All hearts are fools in love.

“Amsu Zahar,” Malfoy said. He’d moved to the edge of his seat, leaned over to indicate the first of the initials with a long index finger. Harry could smell the gin on his breath. “Egyptian-born. Then, see — Samuel Icarus Potter. Your great-grandfather, if I’m not mistaken. Father’s side, obviously.” He sat back in his chair, rewarded himself with a sip of his drink. “It was a custom, you see.
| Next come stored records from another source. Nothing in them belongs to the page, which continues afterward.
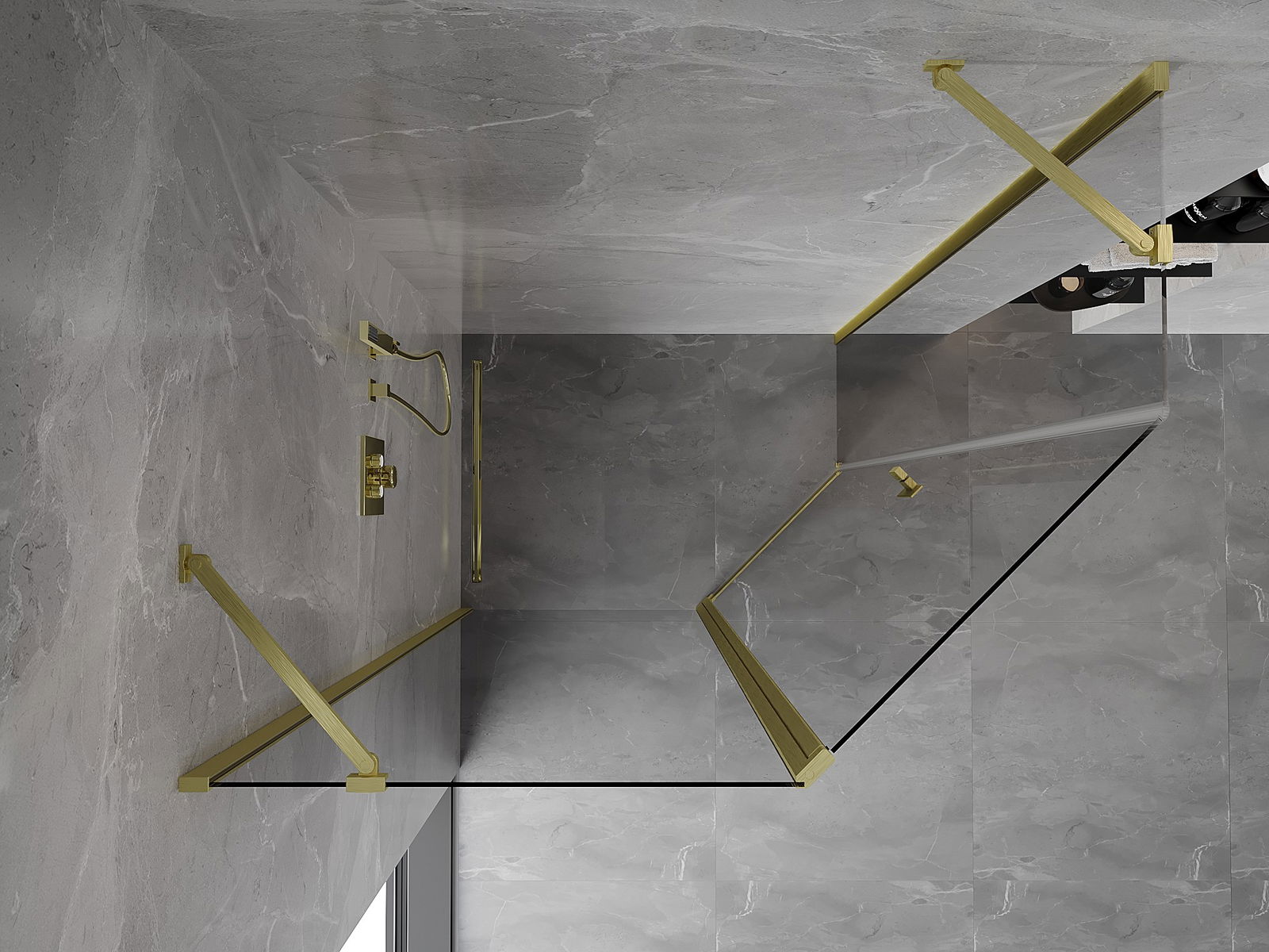 Mexen Mist aszimmetrikus, ötszögletű zuhanykabin, nyíló ajtóval, 100 x 90 cm, átlátszó, arany szálcsiszolt - 8A8-100-090-55-00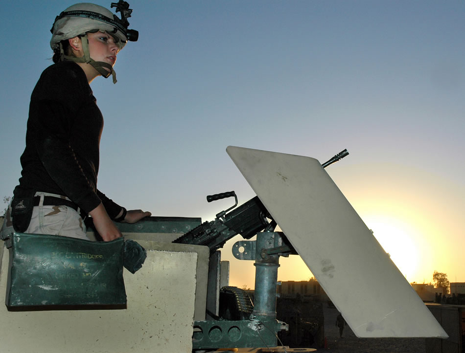 TIKRIT, Iraq (AFPN) -- Airman Catherine Karl prepares for a night convoy from base Speicher. Airmen with the 732nd Expeditionary Logistics Readiness Squadron here provide armed escort of combat patrols to ensure passengers and cargo reach their destinations throughout Iraq. Airman Karl deployed from Royal Air Force Mildenhall, England. (U.S. Air Force photo by Maj. Robert Couse-Baker)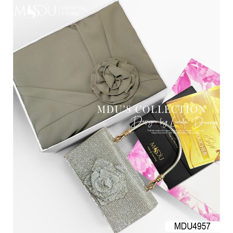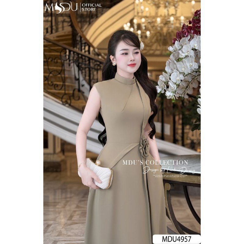 𝐙𝐢𝐧 𝐁𝐨𝐮𝐭𝐢𝐪𝐮𝐞 Váy Công Sở Dáng Dài Cổ Lọ Phối Thắt Eo Gắn Hoa Thanhh Lịch Chất Liệu Chéo Nhật MDU4957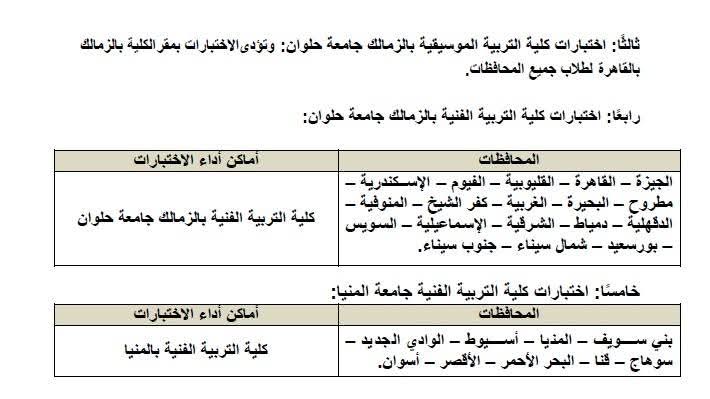 ورصد موقع تحيا مصر قائمة بأسماء الكليات التي يشترط القبول بها اجتياز اختبارات القدرات وهي:-
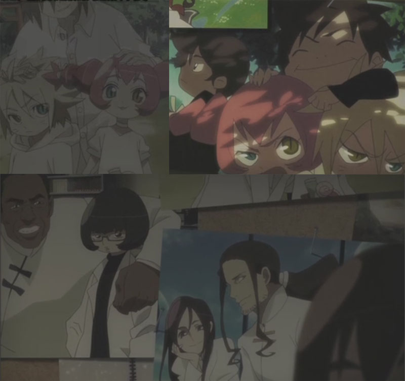 上图为第一话开始的几张照片的截图,左上是稻荷和两个黑白式神,右上为筝的两个式神(阿和吽,红蓝)以及稻荷的两个式神,下面的应该是后面提到的行星统和机关神社的管理人员。之后看到的是带上狐狸面具的稻荷,此时即便带上面具其造型也和之后与幼年时期的筝离别时带上狐狸面具后一样。然后是稻荷在树下自言自语说梦中不可思议的国家什么的,此时稻荷是短发,红色眼睛,穿着也和后文一致。这里稻荷所指的梦中的国家无疑就是镜都了,而目前所在繁华的城市应该就是当前的世界。然后再黑白相间的国际象棋棋盘的地方稻荷带上狐狸面具要离开,对筝说她属于神社的人,这里所说的神社的意思是属于寺庙和科学一侧,相对立的应该是妖怪侧。其间两次神社的特写没有证据暗指某个特别的神社,其它戴面具的“神官”说狐狸收留的“他们”的同胞的意思应该是,筝的眼睛是红色代表她和妖怪有某种关系。稻荷其实也是红色的眼睛,也许这也算是稻荷收留筝的一个原因吧。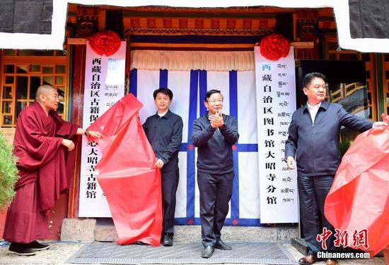 西藏自治區(qū)圖書(shū)館大昭寺分館和自治區(qū)古籍保護(hù)中心大昭寺古籍館26日正式揭牌。這是繼拉薩哲蚌寺之后,又一座寺廟建立分館。

To give these away at weddings.”

Harry’s tongue felt thick in his mouth. He swallowed once, twice. The coin was warming in his hand.

“It's a trinket of sorts,” Malfoy continued when Harry didn’t respond. “I believe my great-great-aunt Cecilia attended.” Another sip. “Hm? Yes?”

“You . . .” Harry watched the lemon tree branches waver, its leaves fluttering. He ran his thumb over it, over the lettering. He looked up at Malfoy. “You just found this?”

“I didn’t just find it,” Malfoy said. A splotch of colour had bloomed up his neck. “I didn’t just find it. As I said, I have recently come into ownership of my family estate, and as I was clearing out some old family heirlooms, I happened upon—”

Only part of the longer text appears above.